- [Exercise instructions] Both the line with "Disampaikan pada rangkaian" and the line with "特别的爱给特别的你吉他谱 - 伍思凯 - G调吉他弹唱谱" in the records below must appear in the output, along with every line between them, exactly and with nothing added.

- [Material shown]
# # #
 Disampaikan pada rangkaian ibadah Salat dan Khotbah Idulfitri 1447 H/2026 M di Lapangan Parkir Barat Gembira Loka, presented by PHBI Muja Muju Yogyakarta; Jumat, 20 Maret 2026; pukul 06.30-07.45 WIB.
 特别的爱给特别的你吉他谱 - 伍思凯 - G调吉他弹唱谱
# # #
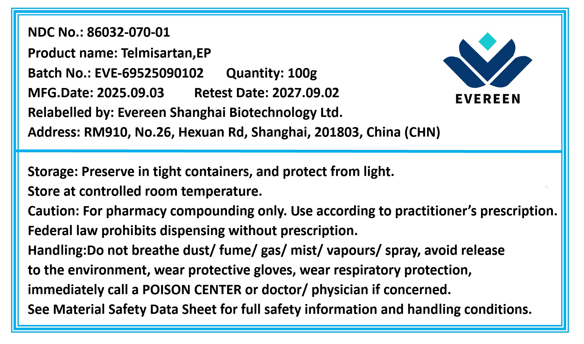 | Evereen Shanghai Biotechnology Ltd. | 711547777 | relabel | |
# # #
- [Exercise solution]
 Disampaikan pada rangkaian ibadah Salat dan Khotbah Idulfitri 1447 H/2026 M di Lapangan Parkir Barat Gembira Loka, presented by PHBI Muja Muju Yogyakarta; Jumat, 20 Maret 2026; pukul 06.30-07.45 WIB.
 特别的爱给特别的你吉他谱 - 伍思凯 - G调吉他弹唱谱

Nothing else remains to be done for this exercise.